Your woods are an active place and a venture, requiring tenacious tending. Climb, my child, but test your footing, not every sapling will hold. You can succeed and will, should you choose to partake with the People of Woods. It only takes time and practice – adapting and adaptation – the bud and the tendril, the log and the trunk. Recite and remind and then jumble.

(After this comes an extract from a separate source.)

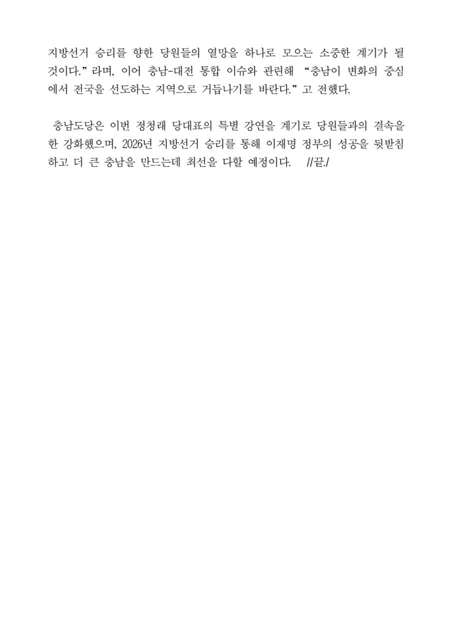 (보도자료) 정청래 민주당 대표 충남 방문, ‘이재명 정부의 정책 방향과 당의 미래 비전 공유’특별 강연 개최

Above all, my daughter, please play. Pick-up sticks, wooden boats and chutes and ladders. Kites and slingshots, barrels and monkeys, apples to apples. Now is the time to throw peaches and chew the walnuts’ rind, bowl crabapples, smoke the reed and sniff the pine. Some whips will leave seams you’ll never forget, some falls may even break a limb, but you will grow and know, know and grow, until you, like the tree, flourish and bloom, strip and stand bare, proud and enduring, withstanding both wind and the wave, strikes and blows, the cold and the dark, all from your stock of woods and what’s possible.
Whoever dreamt a log could roll on rivers, or bend into a wheel? Who knew they’d form enormous arks – large enough to save our world? The handing of a tiny reed embossed with cursive love, sharpened to a blade, signs set to warn of danger, posts to fort a home. My love, impossible does not apply with your woods – all that we know is unknown where the woods come into play.
Experiment, invent, babble the brook or construct a staying dam. Use our woods, love and care for them, ignite your passion, rub them together toward sparks, thatch, nest, spear. The woods are waiting – and these are yours.